Output the entries exactly. Start at the first line, finish with the line containing "25/ 2023-12理学院", and omit the pictures.

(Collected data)
******

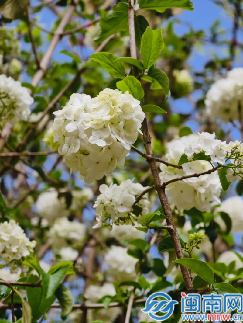 此外,東湖公園內(nèi)各色花朵競(jìng)相綻放,中華木繡球進(jìn)入盛花期,碩大的白色花團(tuán)簇?fù)碇︻^,遠(yuǎn)望如漫天雪球;一株株碧桃樹(shù)亭亭玉立,粉嫩的花瓣層層疊疊,如云霞般鋪滿枝頭。
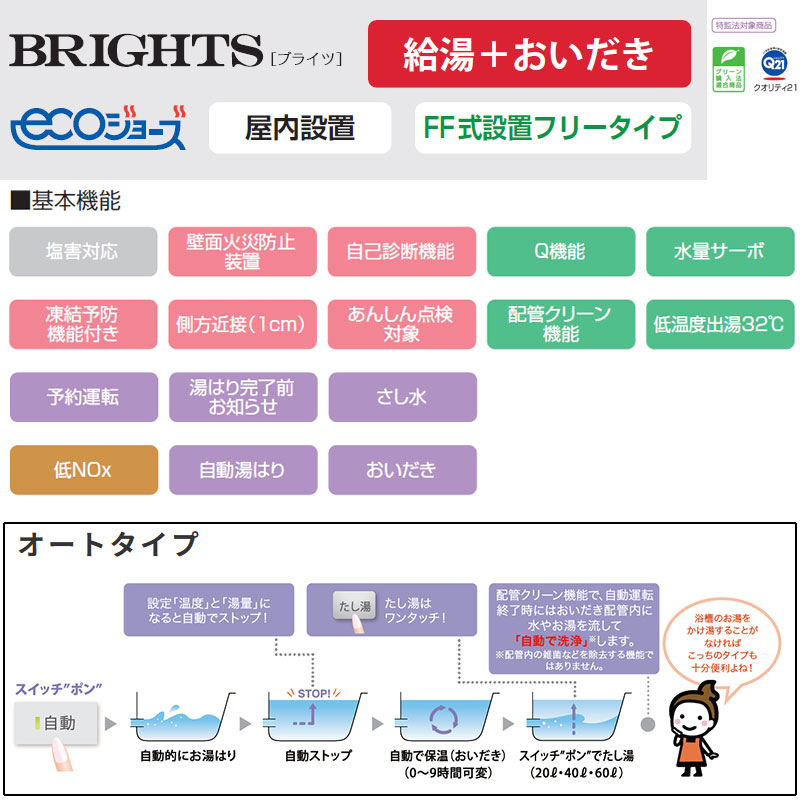 ●ガスふろ給湯器[エコジョーズ][浴室・台所リモコンセット][屋内壁掛型][上方排気][ブライツ][オート][16号][15A]
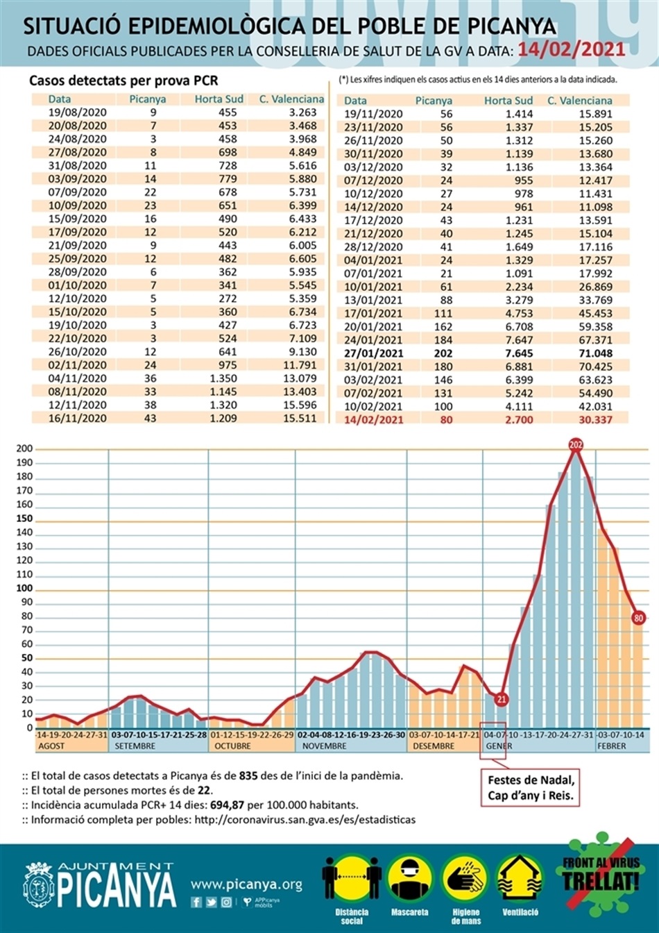 Segons les darreres dades publicades per la Conselleria de Salut de la Generalitat Valenciana, el nombre casos positius per PCR en els darrers 14 dies al nostre poble és de 80, el nombre de persones que han mort es manté en 22 i el de casos positius des de començà la pandèmia (març 2020) arriba ja a 835. La incidència acumulada (casos per 100.000 habitants) baixa a 694,87.
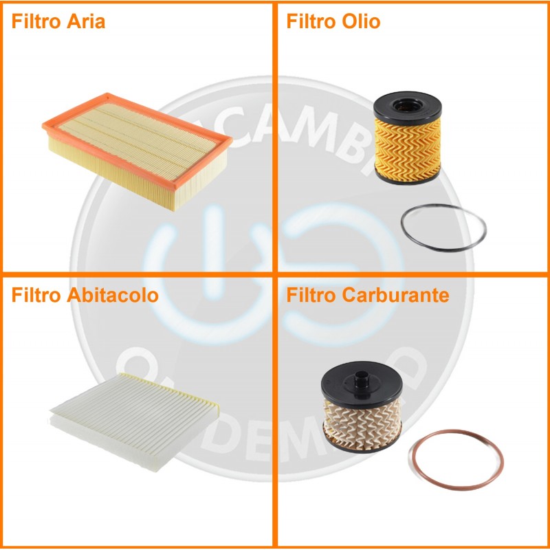 ComposizioneFiltro gasolio, Filtro olio, Filtro abitacolo, Filtro aria
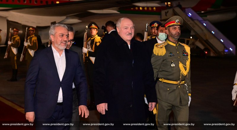 Президент Белоруссии Александр Лукашенко в тегеранском аэропорту Мехрабад.
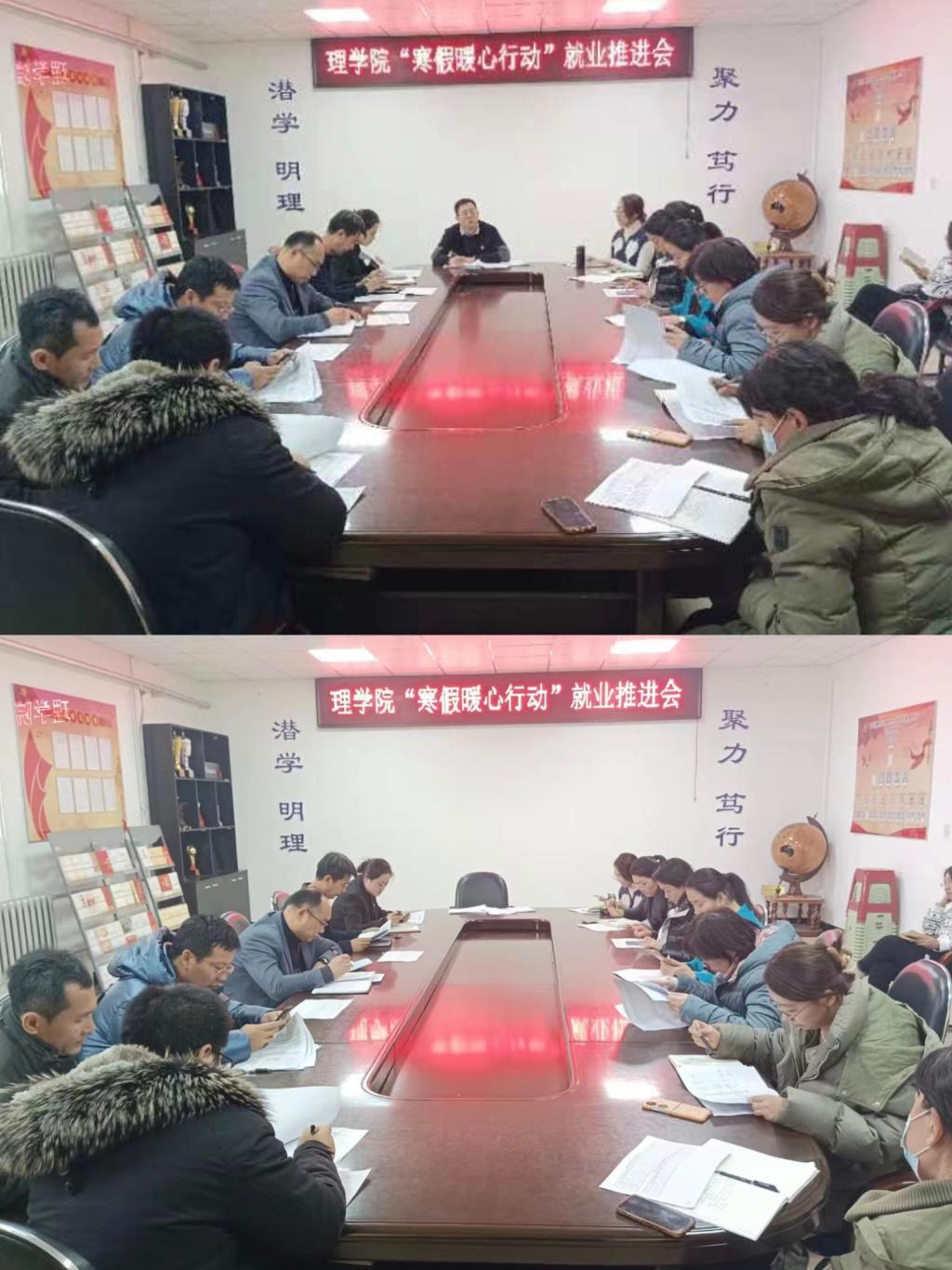 25/ 2023-12理学院召开“寒假暖心行动”就业推进会为深入贯彻教育部关于做好2024届全国普通高校毕业生就业创业工作的重要部署和学校关于寒假就业服务不断线的工作要求,12月21日下午,学院在二楼会议室召开了“寒假暖心行动”就业推进会。学院班子成员、全体“揭榜”教师参会。会议由党委副书记刘星彤主持。首先,就业辅导员刘鑫鹏汇报了学院2024届毕业生就业整体情况。随后,“揭榜”教师汇报了各自所带毕业生的就业情况、未就业原因及下一步工作打算。学院党委副书记刘星彤对...
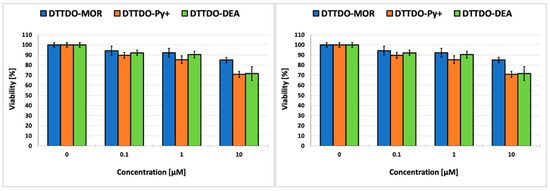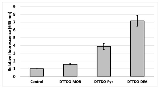 While the obtained results showed efficient staining of cell structures with an inconsiderable medium background for all tested DTTDO derivatives, the intensity of fluorescent signal inside the cells differed depending on the compound. Among all tested dyes, the lowest fluorescence intensity was observed for DTTDO-MOR. Both the remaining compounds demonstrated strong labeling of cells. To quantify the intracellular fluorescence signal, additional fluorescence intensity measurements were performed. For this purpose, the compounds were added to cell cultures and incubated in standard conditions for one hour in a complete medium. Before the measurements, the cells were washed twice to eliminate the background error and ensure, that obtained fluorescence value represented the signal from the cells. The obtained data confirmed the results from microscopy observations, indicating DTTDO-MOR as the least effective among the tested dyes, and DTTDO-DEA as the most efficient one (Figure 7). Furthermore, the results revealed, that a one-hour incubation is sufficient to observe the fluorescent signal from all the tested compounds inside living cells.
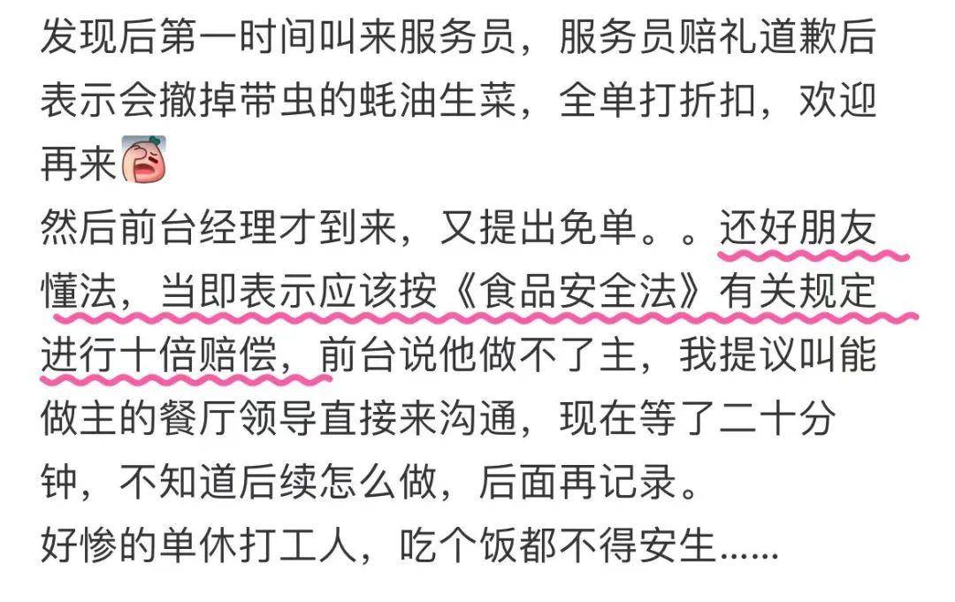 该网友拒绝了经理的免单,要求按“食品安全法”有关规定,进行十倍赔偿。
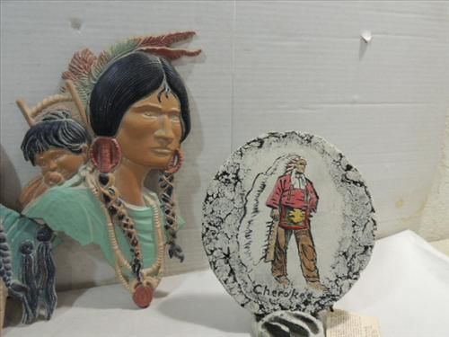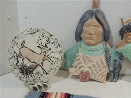 LOT 4 DECORATIVE NATIVE AMERICAN CERAMICS & 1 WOOL WALL HANGER. AS SHOWN. VIE WPICTURE FOR DETAIL.

******

■ **Result of the task**:
 此外,東湖公園內(nèi)各色花朵競(jìng)相綻放,中華木繡球進(jìn)入盛花期,碩大的白色花團(tuán)簇?fù)碇︻^,遠(yuǎn)望如漫天雪球;一株株碧桃樹(shù)亭亭玉立,粉嫩的花瓣層層疊疊,如云霞般鋪滿枝頭。
 ●ガスふろ給湯器[エコジョーズ][浴室・台所リモコンセット][屋内壁掛型][上方排気][ブライツ][オート][16号][15A]
 Segons les darreres dades publicades per la Conselleria de Salut de la Generalitat Valenciana, el nombre casos positius per PCR en els darrers 14 dies al nostre poble és de 80, el nombre de persones que han mort es manté en 22 i el de casos positius des de començà la pandèmia (març 2020) arriba ja a 835. La incidència acumulada (casos per 100.000 habitants) baixa a 694,87.
 ComposizioneFiltro gasolio, Filtro olio, Filtro abitacolo, Filtro aria
 Президент Белоруссии Александр Лукашенко в тегеранском аэропорту Мехрабад.
 25/ 2023-12理学院召开“寒假暖心行动”就业推进会为深入贯彻教育部关于做好2024届全国普通高校毕业生就业创业工作的重要部署和学校关于寒假就业服务不断线的工作要求,12月21日下午,学院在二楼会议室召开了“寒假暖心行动”就业推进会。学院班子成员、全体“揭榜”教师参会。会议由党委副书记刘星彤主持。首先,就业辅导员刘鑫鹏汇报了学院2024届毕业生就业整体情况。随后,“揭榜”教师汇报了各自所带毕业生的就业情况、未就业原因及下一步工作打算。学院党委副书记刘星彤对...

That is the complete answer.